Потом снова занялся мною и спрашивал: видела ли я турок в России, что о них там говорят, и страшно ли мне было ехать в их страну?

Я отвечала, что турок никогда прежде не видела; но читала о них очень много, а также знакома с ними по урокам истории в институте. [247]

— Воображаю себе эти лекции!.. с иронией проговорил Мидхат-паша, — ну, сознайтесь, русский цветочек, я не обижусь — уверяю вас, что учителя ваши говорили вам о нас, как о кровожадных зверях, гонителях христиан и т. п. ужасах? —

— Совершенно напротив, — с живостью возразила я, — нас учили, что вы очень храбрый, честный и, вообще, интересный народ для изучения...

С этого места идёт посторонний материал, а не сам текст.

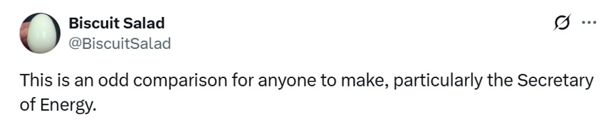 還有網友說,「對任何人來說,作出這樣的比較都很奇怪,尤其是對能源部長來說。」 ↓

Собеседник мой закусил губы от смеха и молча кивнул головой.

— Только одно не нравится мне, — продолжала я в поучительном тоне, — это горькая доля вашей женщины: она раба мужчины, а не равноправное существо. И у нас было также до Петра I; но великий Государь освободил затворницу, и что же? Разве мы стали хуже от того?

— Хуже, хуже, молодая девица, — почти сердито протянул паша и, строго взглянув на меня, спросил:

— Чем же плохо положение нашей женщины по вашему мнению? Муж кормит ее, одевает — чего ей еще надо?

— Как чего? — с изумлением переспросила я, — образования и равноправия, конечно! вот вы, например, учились за границей, потому что каждому человеку свойственна жажда новых знаний, — так почему и ей не иметь того же? — Разве душа у нее не такая, как и у вас?

— Именно не такая, — хмуро перебил меня Мидхат. — Однако, вы большая фантазерка, милая барышня, позвольте сослаться в этом случае на самого Господа Бога: Он не установил одинаковой мерки для своих созданий, и если бы желал равноправия, то и сотворил бы одну разновидность. А между тем, наблюдая природу, мы замечаем совершенно иной порядок вещей — уж такова воля Творца вселенной... Впрочем, оставим в покое эту неудобную для вашего самолюбия тему — все равно мы с вами по ней не столкуемся, а лучше объясните мне: откуда вы взяли, что науки дадут нашей затворнице, как зовут у вас турчанку, счастье, а не наоборот. Все, что необходимо знать мусульманке, она получает и у себя в гареме и в школах общин: ее учат рукоделию, хозяйству, чтению изречений Корана, иностранному языку, наконец, танцам для забавы мужа — чего не достает ей, скажите?

Тут я, не долго думая, принялась критиковать программу школьного обучения турецких девушек и указала на неудобства того невежества, как, например, понятие о затмении луны.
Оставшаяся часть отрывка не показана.